IMUNIZAÇÃO E OUTROS SETORES

. Profissionais e atendentes de centros de cuidados infantis. Surtos de hepatite A em centros de cuidados infantis podem ser a fonte de surtos em uma comunidade, mas a doença nesses centros reflete mais comu­mente transmissão originada na comunidade. Além da profilaxia de pós­exposição recomendada (veja a seguir), pode-se considerar imunização contra hepatite A em locais de cuidados de crianças com surtos contí­nuos ou reincidentes, especialmente em comunidades onde a imuniza­ção rotineira de crianças é recomendada. Na ausência de surtos contí­nuos, a imunização em centros de cuidados infantis pode ser usada também para implementar imunizações rotineiras contra hepatite A, par­ticularmente em comunidades onde os casos em crianças contribuam substancialmente para o número total de casos de hepatite A e possam ter um papel básico nos surtos das comunidades.

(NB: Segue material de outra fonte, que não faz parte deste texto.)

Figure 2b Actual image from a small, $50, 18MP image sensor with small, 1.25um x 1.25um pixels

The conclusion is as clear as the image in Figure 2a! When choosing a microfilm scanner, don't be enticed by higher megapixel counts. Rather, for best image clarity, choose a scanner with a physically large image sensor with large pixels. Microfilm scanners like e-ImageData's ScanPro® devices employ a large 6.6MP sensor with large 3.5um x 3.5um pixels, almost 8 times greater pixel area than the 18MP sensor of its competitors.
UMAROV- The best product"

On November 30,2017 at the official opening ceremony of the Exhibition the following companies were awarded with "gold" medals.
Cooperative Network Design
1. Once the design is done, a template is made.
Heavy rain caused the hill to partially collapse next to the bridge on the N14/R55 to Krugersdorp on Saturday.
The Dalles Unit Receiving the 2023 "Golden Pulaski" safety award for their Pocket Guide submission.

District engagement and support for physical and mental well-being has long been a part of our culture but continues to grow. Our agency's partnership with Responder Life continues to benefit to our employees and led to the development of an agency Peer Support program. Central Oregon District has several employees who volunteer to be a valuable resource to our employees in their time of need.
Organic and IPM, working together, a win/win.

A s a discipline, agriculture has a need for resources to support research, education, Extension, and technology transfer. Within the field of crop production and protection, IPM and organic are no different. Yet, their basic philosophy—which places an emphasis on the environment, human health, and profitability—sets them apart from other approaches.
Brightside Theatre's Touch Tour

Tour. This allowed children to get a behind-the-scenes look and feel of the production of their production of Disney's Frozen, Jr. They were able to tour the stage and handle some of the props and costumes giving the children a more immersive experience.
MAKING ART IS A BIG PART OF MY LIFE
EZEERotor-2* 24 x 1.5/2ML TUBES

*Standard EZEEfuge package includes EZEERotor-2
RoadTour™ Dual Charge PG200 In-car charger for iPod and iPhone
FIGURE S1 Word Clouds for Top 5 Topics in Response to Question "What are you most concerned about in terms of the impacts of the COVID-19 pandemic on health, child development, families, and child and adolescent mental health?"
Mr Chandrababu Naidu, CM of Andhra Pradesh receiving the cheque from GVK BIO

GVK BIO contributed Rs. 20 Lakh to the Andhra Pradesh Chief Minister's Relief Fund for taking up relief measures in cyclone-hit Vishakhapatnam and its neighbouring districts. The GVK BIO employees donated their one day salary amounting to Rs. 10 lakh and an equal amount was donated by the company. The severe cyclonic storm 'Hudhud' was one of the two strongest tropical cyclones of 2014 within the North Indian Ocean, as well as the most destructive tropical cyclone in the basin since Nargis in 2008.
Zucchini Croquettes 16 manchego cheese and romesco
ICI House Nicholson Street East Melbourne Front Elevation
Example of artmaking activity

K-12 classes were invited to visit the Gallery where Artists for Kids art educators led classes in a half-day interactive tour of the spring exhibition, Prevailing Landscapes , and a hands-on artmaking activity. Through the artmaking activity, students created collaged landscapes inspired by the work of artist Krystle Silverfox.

. Instituições de custódia. Ocorreram epidemias de hepatite A em insti­tuições de custódia durante as décadas de 1970 e 1980, mas alguns casos foram informados recentemente. Porém, a vacina contra hepatite A, além da Ig, é indicada para profilaxia de pós-exposição (veja a se­guir). Pode ser considerada para o staff e residentes de instituições onde a hepatite A for epidêmica.

. Pessoal de hospital. Normalmente a hepatite A nosocomial em pessoal de hospital acontece através da contaminação por pacientes com infec­ção aguda nos quais o diagnóstico de infecção por HAV não foi reconhe­cido. Devem ser enfatizadas práticas higiênicas cuidadosas quando um paciente com infecção por hepatite A é admitido no hospital. Quando acontecem surtos, recomendase Ig para as pessoas em contato direto com pacientes infectados (veja a seguir). O papel da vacina contra hepa­tite A nestas pessoas não foi estudado. Não se recomenda o uso rotinei­ro de vacina pré-exposição contra hepatite A para o pessoal de hospital.

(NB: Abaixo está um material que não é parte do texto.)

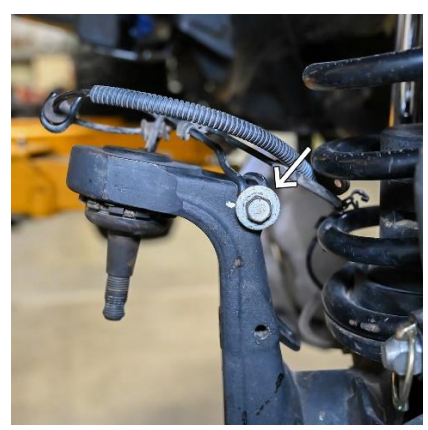
Figure 9. ABS Cable Tab Bolt

13. Remove the dust boots from all the ball joints and wipe up all old grease. First, press out the upper ball joint 'down' out of the housing, then press the lower ball joint 'down' out of the housing. See Figures 10 and 11.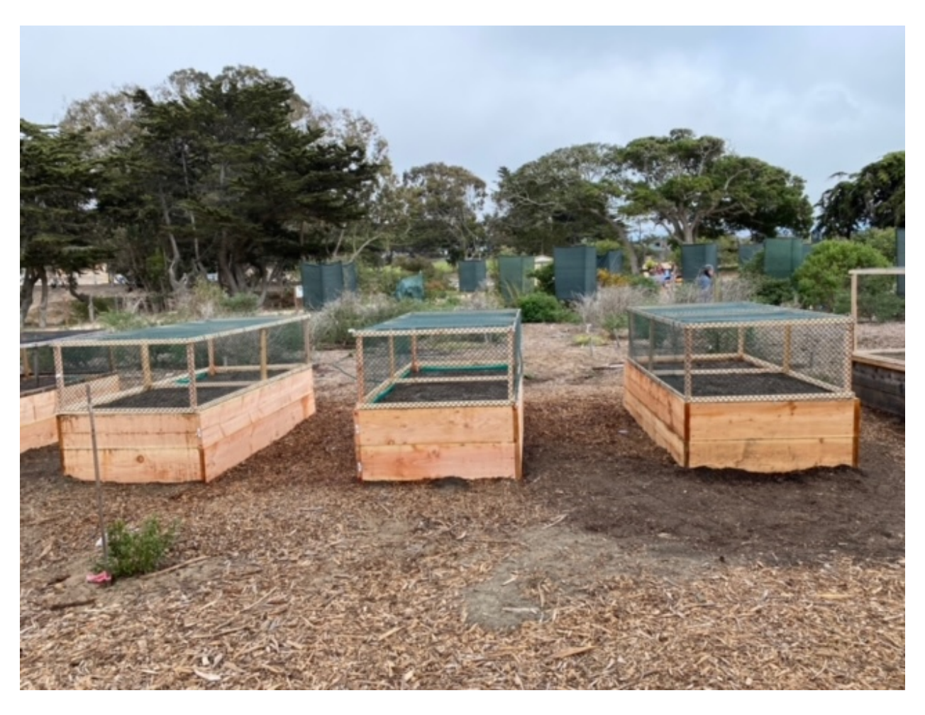
Eagle Scout Candidate Antony Ortiz's Completed Raised Planter Boxes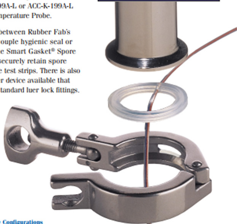
Available Configurations for the Smart Gasket®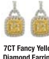
7CT Fancy Yellow Diamond Earrings

. Manipuladores de alimentos. Surtos reconhecidos de hepatite A com origem em alimentos são relativamente incomuns nos Estados Unidos e normalmente estão associados à contaminação de comida crua durante preparação, por um manipulador que esteja infectado com HAV. Os meios mais importantes de prevenção destes surtos são através de práticas higiênicas cuidadosas durante a preparação de alimentos. A imunização rotineira com vacina contra hepatite A em manipuladores de alimentos não é garantida.

. Outros. Além destes casos mencionados, qualquer pessoa saudável com pelo menos dois anos de idade pode receber vacina contra hepati­te A, a critério do médico e do paciente ou da família do paciente.